Galilée secoua la tête.
— Ce serait plutôt des prémonitions.
— Syndetos veut dire « liés ensemble », et donc un asyndète, c’est quand les liens entre les choses disparaissent. Les Français appellent ça le « jamais-vu ».
— Non. Il n’y a pas mieux connecté que moi.
— Du déjà-vu, alors – les Français ont tout un vocabulaire.
— Oui. On pourrait dire ça. Bien qu’il s’agisse moins de voir que de ressentir. Déjà-ressenti. Toujours déjà. Allez… essaye encore. Envoie-moi là-bas.
Cartaphilus manipula son instrument.
— Pas de réponse, dit-il au bout d’un instant. Elle est peut-être occupée ailleurs. Nous réessaierons plus tard, maestro. Vous me tuez le bras.
Galilée le lâcha et s’effondra auprès de lui, à bout de forces.
— Et merde ! J’espère qu’elle va bien. Tout ça finira par me tuer plus vite que n’importe quoi, ajouta-t-il avec un gros soupir.
Nous avons tous sept vies secrètes. La vie de l’excrétion ; le monde des fantasmes sexuels inappropriés ; nos vrais espoirs ; notre terreur de la mort ; notre expérience de la honte ; le monde de la douleur ; nos rêves. Ces vies, personne en dehors de nous ne les connaît. La conscience est solitaire. Tout le monde vit dans l’univers-bulle qu’il a sous le crâne, seul.
Galilée se débattait contre cette nouvelle maladie, cette faculté qui était un handicap, seul.
Certains de ses amis étaient comme la Piera, et se demandaient si ses maladies ne tombaient pas, par hasard, un peu trop bien. Parce qu’il se trouve que, dans les premiers mois de 1619, d’autres comètes étaient apparues dans le ciel nocturne, alarmant tout le monde. Pendant un moment, on ne parla plus que de cela, et ce phénomène d’un autre monde remplit tous les horoscopes et les pages des Avvisi. Évidemment, les astronomes et les philosophes devaient donner leur avis sur ces apparitions, et naturellement tout le monde attendait, comme autrefois, d’entendre ce que le célèbre astronome des Médicis avait à en dire.

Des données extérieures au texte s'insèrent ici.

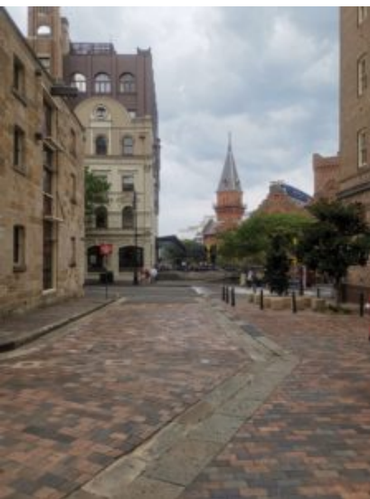
In dit straatje the Rock's waren de
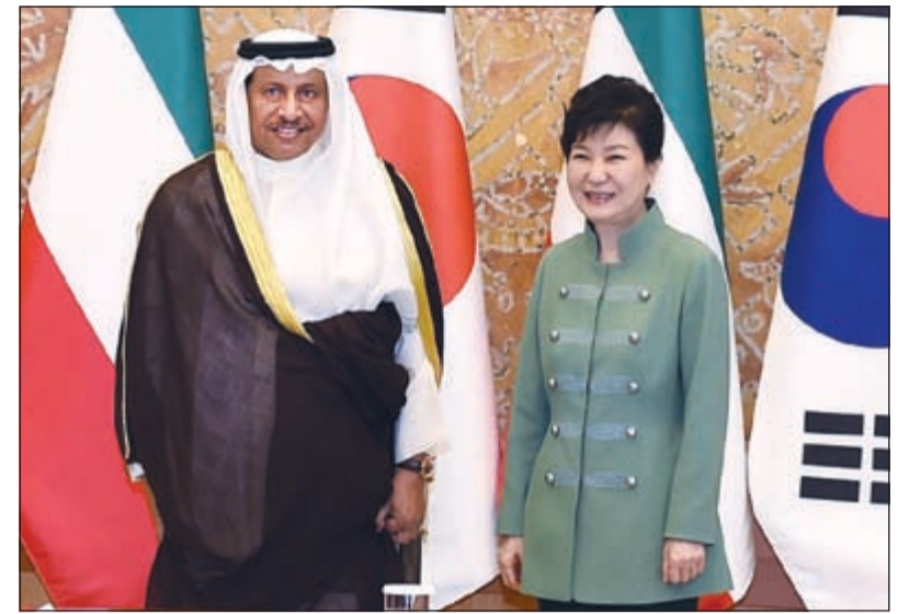
سمو رئيس الوزراء الشيخ جابر المبارك ورئيسة كوريا الجنوبية بارك كيون هيه

المبارك سلم رسالة خطية من الأمير إلى رئيسة كوريا الجنوبية وعقد ونظيره الكوري جلسة مباحثات رسمية
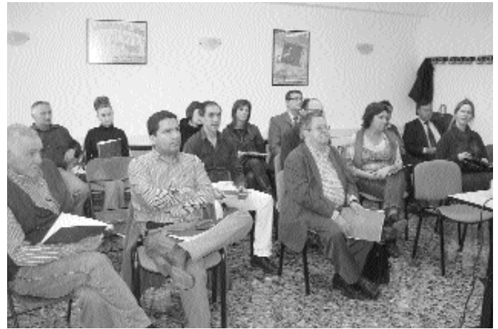
Socis de les cooperatives presents a la Junta Preparatòria de Castelló.

especialment enfocat a professors de Formació per a Orientació Laboral (FOL), així com la realització de tres sessions a Castelló, València i Alacant, per a donar a conèixer l'ús dels materials de suport desenvolupats.
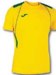
904 YELLOW/ GREEN MEDIUM
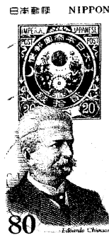
(日本 1994 年発行)
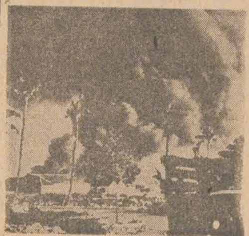
Port w Palembang — w ogniu bomb holenderskich — na dzień przed wysadzeniem desantu.

Les dominicains étaient aux aguets, et les oreilles des jésuites grandes ouvertes ; tout ce que Galilée dirait ou écrirait finirait par être rapporté au Saint-Office de l’Index, et à la Sacrée Congrégation. Quant aux comètes qui étaient apparues quelques années auparavant, coïncideraient-elles avec les cosmologies ptolémaïque ou copernicienne, et comment ? Ce n’était pas évident – mais ce qui était indéniable, c’est qu’elles étaient dans le ciel. Le fait que Galilée soit malade au point de ne même pas pouvoir sortir sur sa terrasse, le soir, pour y jeter un coup d’œil, tombait (de l’avis général) vraiment à pic ! Galilée, le plus grand astronome du monde ! Une poule mouillée.